Suatu hari saya mendengar percakapan pasien di sebelah saya. Catatan: ruang perawatan hanya dibatasi oleh tirai jadi semua percakapan terdengar.
Pasien ini berasal dari Perawang (jauh banget dari Pekanbaru). Di Perawang tidak ada fasilitas fisio terapi. Satu-satunya yang ada hanya Pekanbaru. Dari Perawang ke Pekanbaru mereka harus ganti kendaraan empat kali! Untuk berobat, suami pasien harus tidak bekerja hari itu (saya menangkap kesan suaminya adalah buruh harian atau sejenisnya, pokoknya yang dibayar berdasarkan kehadiran setiap hari). Aduh mak! Terbayang di mata saya perjuangan suami istri ini dari Perawang ke Pekanbaru demi kesembuhan....

Masih di rumah sakit.
Rupanya banyak juga pasien fisio terapi yang masih anak-anak. Suatu hari, pasien penuh sementara suster jaga hanya satu orang. Biasanya tiga orang tapi yang dua orang lagi sedang visit pasien yang rawat inap.
Nah, ada pasien anak yang tidak berhenti menangis. Rupanya, dia tidak hanya sudah kesakitan tetapi juga juga bosan karena belum juga ditangani.
Rasanya saya bisa mengerti kalau si anak ini tidak berhenti menangis. Suasananya memang amat sangat tidak menyenangkan, apalagi buat seorang anak. Saya juga jadi berpikir, kenapa ya saya masih juga berpikir "why me?" Ada seorang anak kecil yang sebenarnya sedang senang-senangnya berlari dan bermain tapi harus melewatkan waktunya di rumah sakit yang tidak menyenangkan. Mengapa saya tidak mencoba jadi "the grown up" dan berhenti "menangis".

Beberapa peristiwa lagi seolah mencubit kesadaran saya. Complaining is the last thing I need to do. Jadi, terima kasih untuk orang-orang di sekitar saya. Saya berdoa juga untuk kesembuhan mereka. Semoga Tuhan tetap memberikan kekuatan dan penghiburan. Amin.

***

Pekanbaru, 14 Desember 2013
@agnesbemoe


Akhirnya, Ke Therapist

December 12, 2013 0 Comments
Tulisan saya sebelumnya jelas tulisan yang ke-pede-an :D 

Saya menyangka sudah terlewat dari masalah dan bisa melanjutkan hidup.

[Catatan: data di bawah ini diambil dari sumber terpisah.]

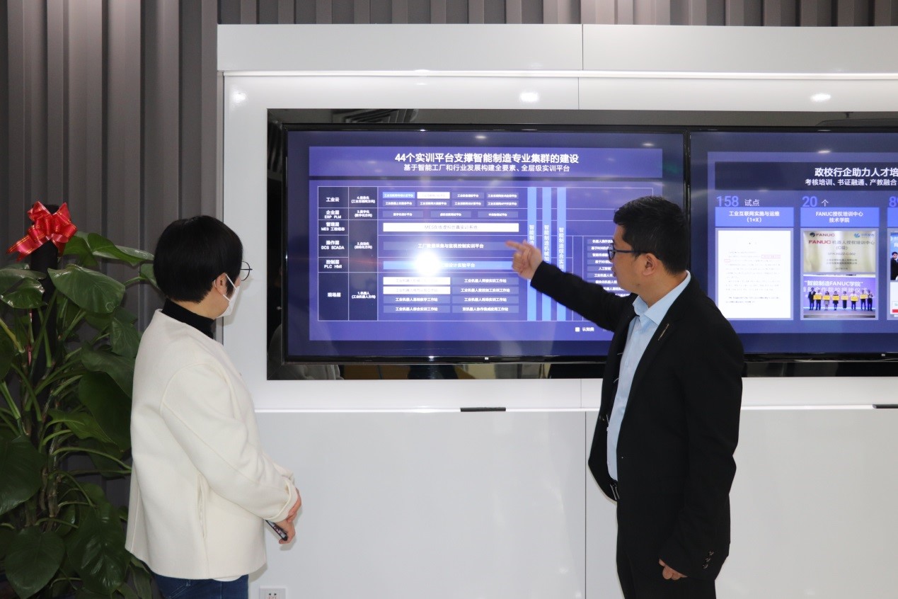 接着,校企双方举行座谈会议,围绕产教融合、高等教育数字化、专业内涵建设等议题展开了深入的交流和研讨。

Nyatanya, sakitnya hanya reda sebentar kemudian muncul lagi. Begitu seterusnya setiap hari sampai saya putus asa. Akhirnya, saya pun menyetujui usulan untuk pergi ke therapist.

Ya, awalnya saya berkeras penyakit ini akan reda sendiri. Saya tunggu satu hari, dua hari, satu minggu, dua minggu, tidak juga reda. Sampai sudah satu bulan!

Saya melihat, satu bulan itu banyak sekali yang terbengkalai.

Lulu, Xenia saya yang cantik, jadi tidak terurus. Padahal pada saat yang sama ada masalah dengan ban-nya. Bodynya juga sudah kotor sekali. Sedih melihatnya.

Pekerjaan utama saya sebagai supir tidak dapat saya kerjakan, berarti orang-orang yang biasa saya antar jemput harus jumpalitan mencari jalan keluar.

Beberapa ide menulis tidak bisa saya eksekusi dengan perasaan puas.

Dan yang terpenting, dua orang doggie saya tidak bisa lari pagi. Ini sangat menyedihkan buat saya. Mereka butuh lari pagi untuk melepaskan frustrasi dan stress. Rumah saya terlalu kecil untuk jadi tempat mereka lari-lari. Melepas mereka keluar tanpa pengawasan sama saja menyerahkan mereka ke tangan para jagal....

Akhirnya, dengan segala pertimbangan itu, saya ke therapist (fisio terapi) 2 Desember 2013 lalu.